Emerging theories in the field explore various aspects of the post-COVID-19 neurological manifestations. One theory posits that the virus may have a long-term effect on the brain's vascular system, contributing to an increased risk of neurological disorders in the future.18 Another theory, based on preliminary studies, suggests that COVID-19 might accelerate the onset of neurodegenerative diseases such as Alzheimer's in susceptible individuals.17 The potential for ‘viral persistence’ in the brain is another area of investigation.19 Some researchers are exploring the possibility that remnants of the virus or its RNA might remain in the brain, leading to chronic inflammation or other neurological issues over time.19

One significant study published in Brain, Behavior, and Immunity delved into the mechanisms behind these neurological impacts.20 The researchers found the ability of SARS-CoV-2 to cross the blood–brain barrier and induce neuroinflammation, a significant mechanism underlying cognitive impairments.20 The study also showed that two non-infective models of SARS-CoV-2 could cross the blood–brain barrier and induce neuroinflammation, even without productive infection.20 The ability of SARS-CoV-2 to cross the blood–brain barrier and induce neuroinflammation may place individuals at risk for long-term cognitive impairments.20

These studies and emerging theories highlight the complexity of COVID-19s impact on the nervous system. They underscore the need for ongoing research to fully understand the long-term neurological consequences of the virus and develop effective strategies for prevention and treatment. The evolution of these research findings will be crucial in guiding healthcare professionals in managing the neurological aspects of COVID-19 and preparing for potential long-term effects on public health.

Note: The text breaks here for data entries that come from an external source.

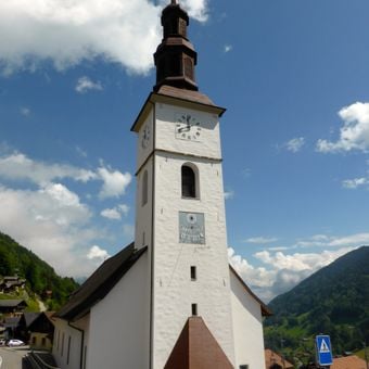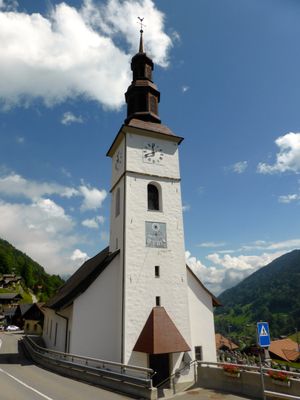 Kirche Saint-Maurice und Glockenturm, Kirchengebäude mit Turm in Val-d'Illiez im Kanton Wallis, Schweiz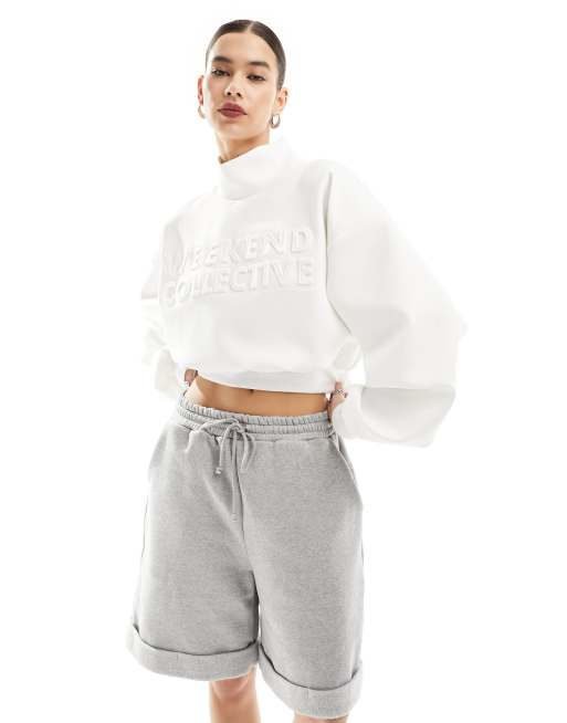 ASOS DESIGN Weekend Collective embossed high neck scuba sweatshirt in white
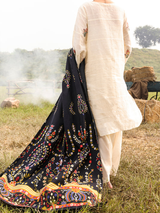 Black Yarn-Dyed 3Pc Stitched - AWP-3PS-313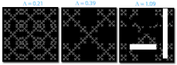 The same images as above, rotated 90°. Whereas the first two images appear essentially the same as they do above, the third looks different from its unrotated original. This feature is captured in measures of lacunarity listed across the top of the figures, as calculated using standard biological imaging box counting software FracLac, Image.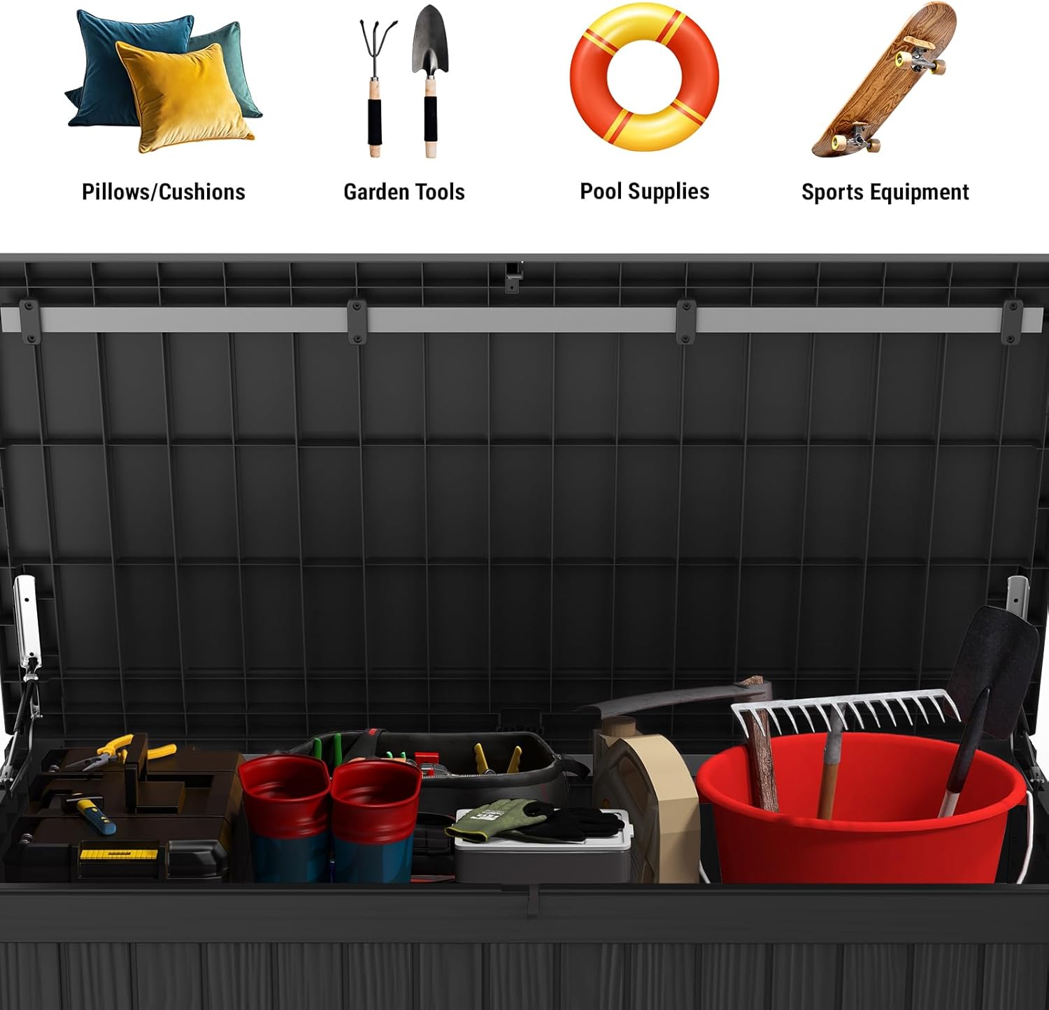 • 【Reinforced Stability】- Engineered with reinforced metal rods for internal supports, this deck box boasts 30% increased strength and resists deformation, doubling as a storage bench, the lid supports up to 800 lbs, providing both storage and seating solutions for your patio

Long COVID's neurological symptoms underscore the need for comprehensive care strategies that address not only the immediate impact of COVID-19 but also its long-term effects. As our understanding of long COVID evolves, it will be crucial for healthcare systems to adapt and support the growing number of individuals dealing with these chronic neurological consequences.

COVID-19s neurological manifestations present significant challenges for healthcare systems, such as:

  • a.

    Increased demand for neurological care: The surge in patients experiencing neurological symptoms, both acute and long-term, requires more resources and specialized care. Healthcare systems must adapt to address these needs, potentially straining already overburdened services.

  • b.

    Multidisciplinary approach: Managing the neurological effects of COVID-19 calls for a multidisciplinary approach involving internists, neurologists, psychiatrists, rehabilitation specialists, and primary care providers. This approach necessitates enhanced coordination and communication within healthcare systems.

  • c.

    Long-term monitoring and research: The long-term nature of some neurological symptoms means that patients may require ongoing monitoring and treatment. This scenario demands sustained research and the development of long-term care models.

  • d.

    Training and awareness: There is a need for increased training and awareness among healthcare professionals regarding the neurological manifestations of COVID-19 to ensure accurate diagnosis and appropriate management.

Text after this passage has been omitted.